» **What is being asked**: Reproduce only the lines of the material below that start at the line containing "(서울올림픽) 1988 서울올림픽복권" and stop at the line containing "总资源:我用夸克网盘给你分享了「人教版初中课本(9科全)」". Keep both end lines.

» **Input**:
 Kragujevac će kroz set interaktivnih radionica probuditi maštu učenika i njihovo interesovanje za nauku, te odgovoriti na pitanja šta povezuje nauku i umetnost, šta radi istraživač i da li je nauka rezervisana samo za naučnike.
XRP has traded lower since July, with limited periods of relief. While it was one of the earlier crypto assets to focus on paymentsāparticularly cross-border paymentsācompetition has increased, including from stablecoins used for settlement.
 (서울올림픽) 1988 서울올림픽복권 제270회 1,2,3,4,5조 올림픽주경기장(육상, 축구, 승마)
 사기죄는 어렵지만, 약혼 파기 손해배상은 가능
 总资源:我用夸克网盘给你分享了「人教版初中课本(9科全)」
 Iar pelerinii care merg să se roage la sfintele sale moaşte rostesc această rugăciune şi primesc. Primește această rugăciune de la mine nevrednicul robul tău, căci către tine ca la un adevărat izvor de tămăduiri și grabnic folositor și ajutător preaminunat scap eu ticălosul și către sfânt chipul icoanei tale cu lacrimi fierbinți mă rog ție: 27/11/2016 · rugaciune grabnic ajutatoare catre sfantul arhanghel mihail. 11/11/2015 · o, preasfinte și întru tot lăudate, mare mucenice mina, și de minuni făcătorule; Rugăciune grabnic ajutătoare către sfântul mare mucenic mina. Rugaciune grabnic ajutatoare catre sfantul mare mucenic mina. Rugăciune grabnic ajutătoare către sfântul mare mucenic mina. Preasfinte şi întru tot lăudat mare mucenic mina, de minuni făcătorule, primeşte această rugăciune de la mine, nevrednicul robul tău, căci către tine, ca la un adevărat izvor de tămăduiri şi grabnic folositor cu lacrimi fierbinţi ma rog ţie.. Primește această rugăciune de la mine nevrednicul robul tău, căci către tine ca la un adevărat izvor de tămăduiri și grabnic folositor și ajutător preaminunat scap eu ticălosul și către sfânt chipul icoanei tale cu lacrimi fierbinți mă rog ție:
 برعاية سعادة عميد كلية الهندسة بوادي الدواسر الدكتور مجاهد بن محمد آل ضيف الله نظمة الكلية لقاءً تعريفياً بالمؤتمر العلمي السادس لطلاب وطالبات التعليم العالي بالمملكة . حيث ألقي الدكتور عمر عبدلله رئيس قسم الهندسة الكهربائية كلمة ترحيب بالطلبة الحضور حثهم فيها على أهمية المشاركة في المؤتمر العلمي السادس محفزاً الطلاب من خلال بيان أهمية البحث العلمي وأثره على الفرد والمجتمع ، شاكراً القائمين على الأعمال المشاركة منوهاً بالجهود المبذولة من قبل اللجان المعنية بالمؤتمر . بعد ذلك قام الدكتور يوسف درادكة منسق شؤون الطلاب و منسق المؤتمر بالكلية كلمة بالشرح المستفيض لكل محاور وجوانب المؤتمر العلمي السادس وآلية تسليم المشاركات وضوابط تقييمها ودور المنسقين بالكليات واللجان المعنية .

---

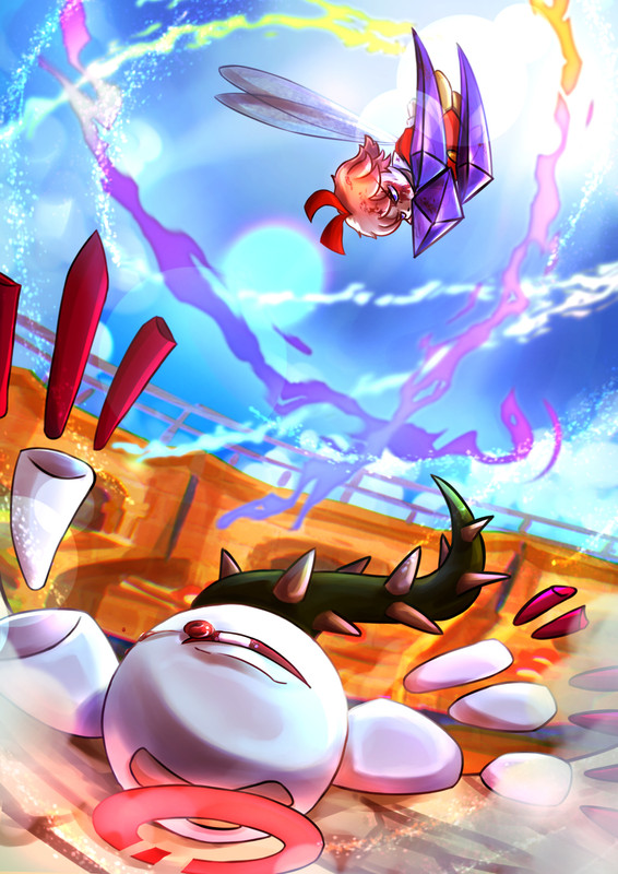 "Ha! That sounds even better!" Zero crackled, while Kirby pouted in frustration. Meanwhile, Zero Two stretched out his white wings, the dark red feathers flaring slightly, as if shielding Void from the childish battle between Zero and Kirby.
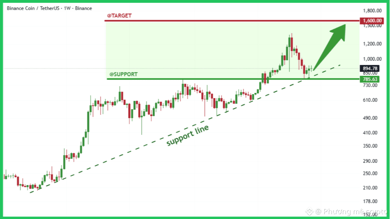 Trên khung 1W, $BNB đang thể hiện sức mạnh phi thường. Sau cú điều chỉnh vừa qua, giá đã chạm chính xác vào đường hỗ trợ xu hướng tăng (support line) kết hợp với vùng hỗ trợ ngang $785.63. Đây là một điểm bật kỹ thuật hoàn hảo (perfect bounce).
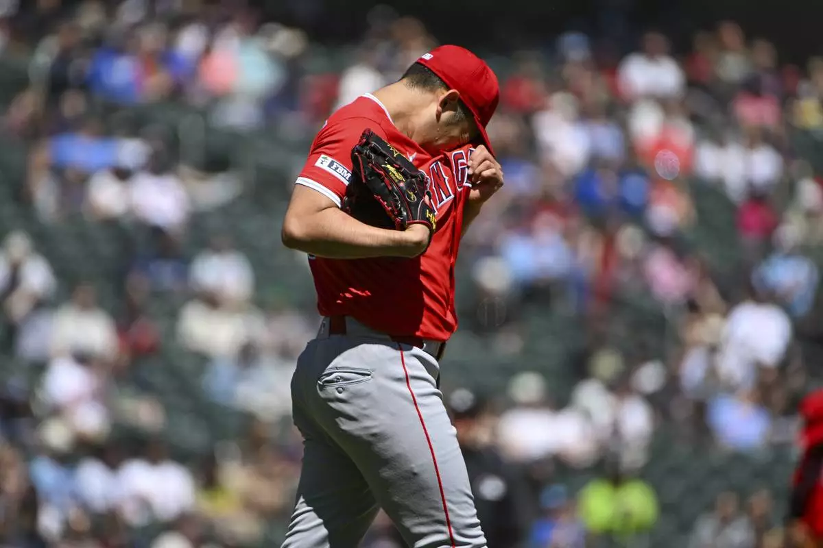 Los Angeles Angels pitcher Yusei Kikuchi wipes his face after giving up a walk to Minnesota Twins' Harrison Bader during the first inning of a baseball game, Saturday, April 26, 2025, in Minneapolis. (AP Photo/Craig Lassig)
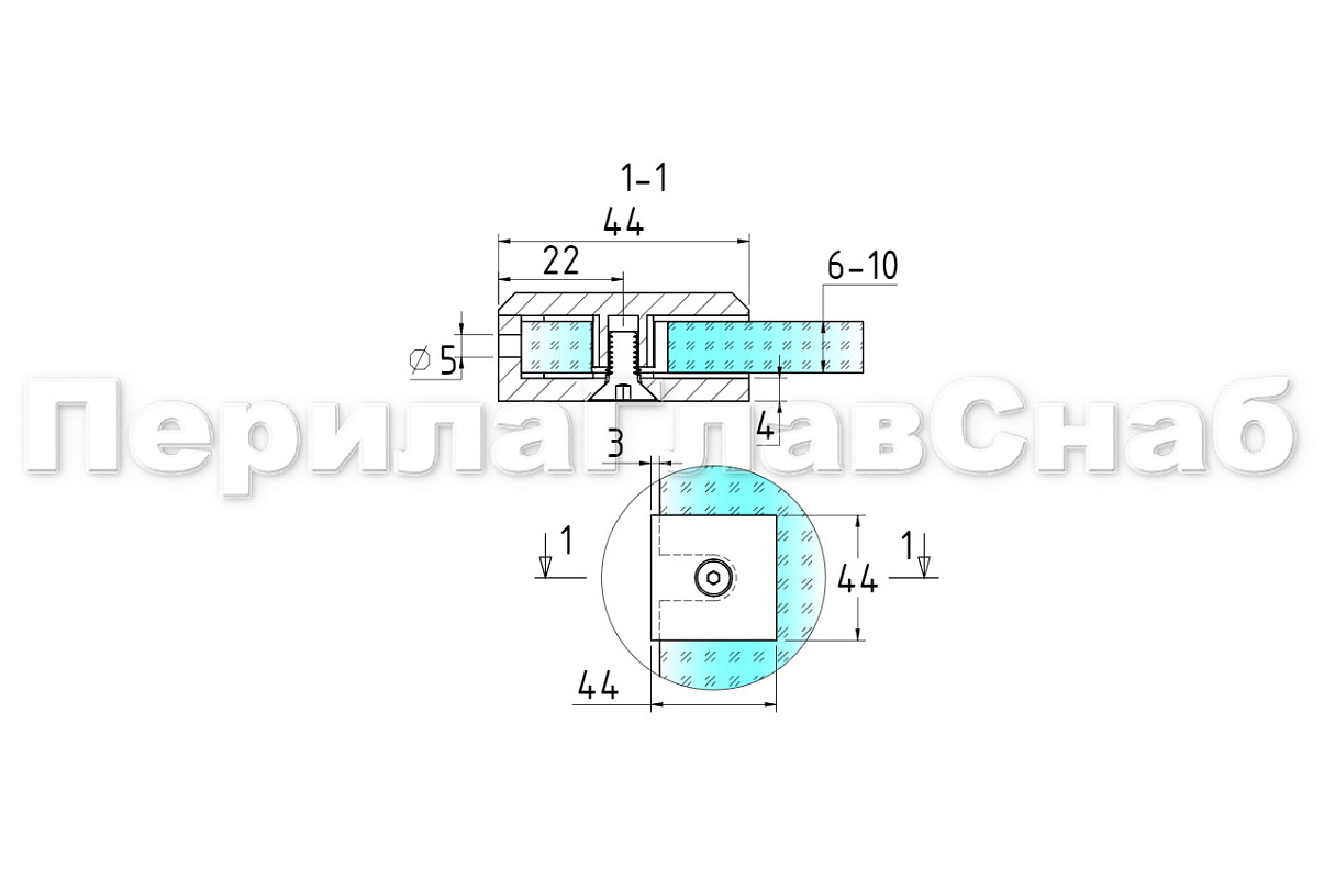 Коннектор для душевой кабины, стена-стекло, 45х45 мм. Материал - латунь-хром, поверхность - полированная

---

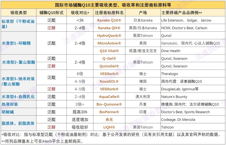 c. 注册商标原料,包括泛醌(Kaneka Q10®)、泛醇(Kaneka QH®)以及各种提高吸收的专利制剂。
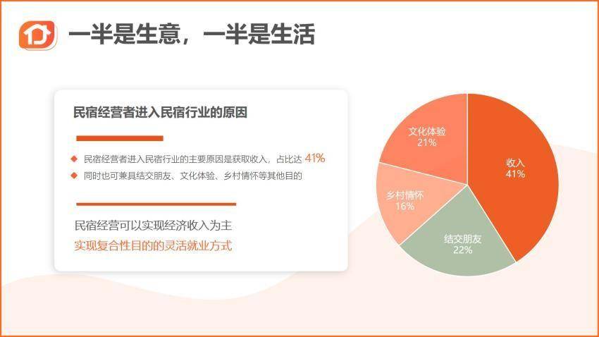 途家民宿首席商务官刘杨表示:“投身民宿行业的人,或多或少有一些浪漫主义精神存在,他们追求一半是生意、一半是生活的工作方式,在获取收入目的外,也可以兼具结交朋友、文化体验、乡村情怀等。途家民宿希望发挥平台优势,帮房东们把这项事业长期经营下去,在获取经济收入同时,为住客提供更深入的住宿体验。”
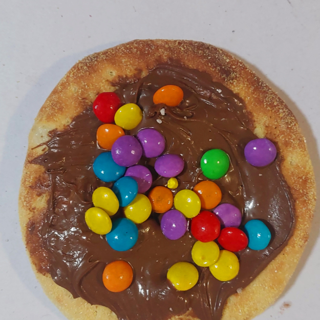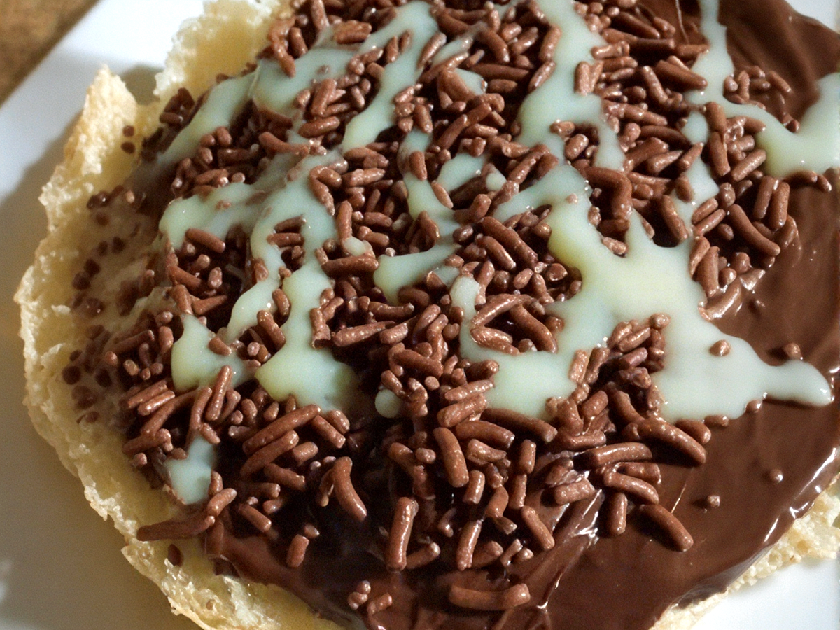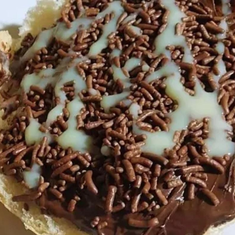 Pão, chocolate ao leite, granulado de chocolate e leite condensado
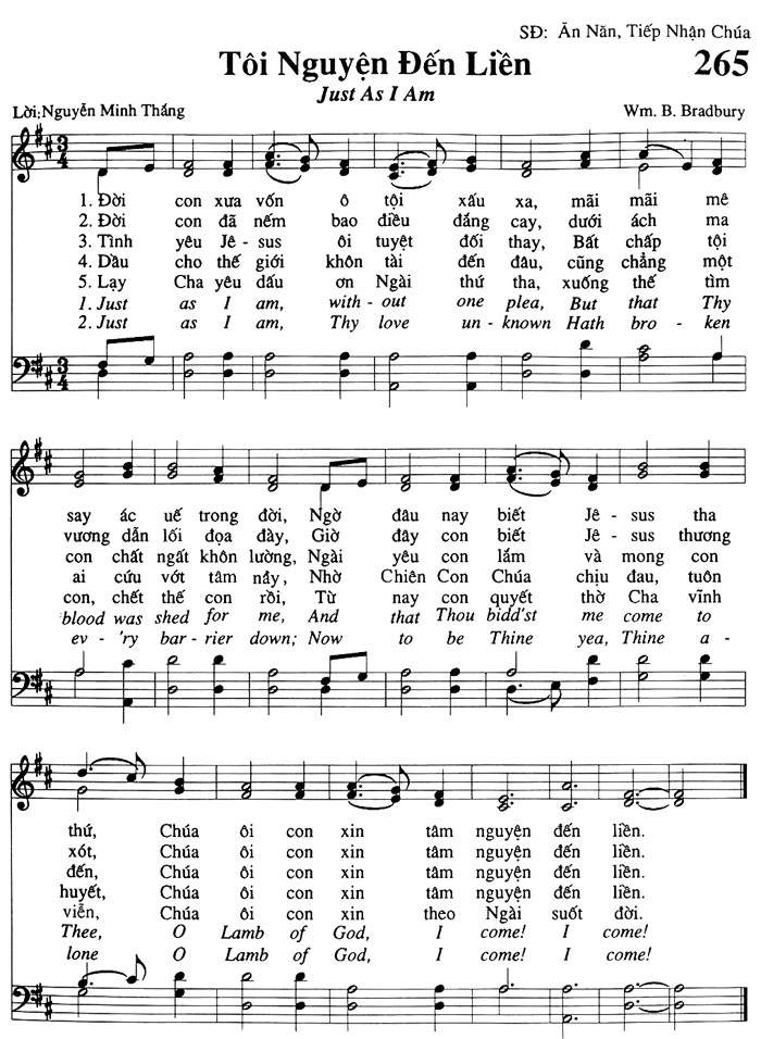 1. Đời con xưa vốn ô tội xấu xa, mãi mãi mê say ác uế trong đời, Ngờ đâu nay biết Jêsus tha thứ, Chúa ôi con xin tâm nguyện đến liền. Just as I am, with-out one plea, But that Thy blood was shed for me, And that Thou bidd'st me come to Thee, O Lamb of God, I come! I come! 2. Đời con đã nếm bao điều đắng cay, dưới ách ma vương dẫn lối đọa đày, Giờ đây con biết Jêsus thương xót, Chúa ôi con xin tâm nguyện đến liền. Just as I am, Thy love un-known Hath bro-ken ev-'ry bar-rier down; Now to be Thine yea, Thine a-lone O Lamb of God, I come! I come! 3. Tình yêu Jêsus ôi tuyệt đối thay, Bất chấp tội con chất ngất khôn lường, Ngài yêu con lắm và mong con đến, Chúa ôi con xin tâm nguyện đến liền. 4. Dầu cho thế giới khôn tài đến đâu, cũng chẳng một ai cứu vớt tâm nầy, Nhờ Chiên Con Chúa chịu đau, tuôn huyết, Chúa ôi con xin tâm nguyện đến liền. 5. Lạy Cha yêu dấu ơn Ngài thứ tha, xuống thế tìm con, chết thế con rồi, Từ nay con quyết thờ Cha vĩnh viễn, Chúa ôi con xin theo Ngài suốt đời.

» **Problem solution**:
 (서울올림픽) 1988 서울올림픽복권 제270회 1,2,3,4,5조 올림픽주경기장(육상, 축구, 승마)
 사기죄는 어렵지만, 약혼 파기 손해배상은 가능
 总资源:我用夸克网盘给你分享了「人教版初中课本(9科全)」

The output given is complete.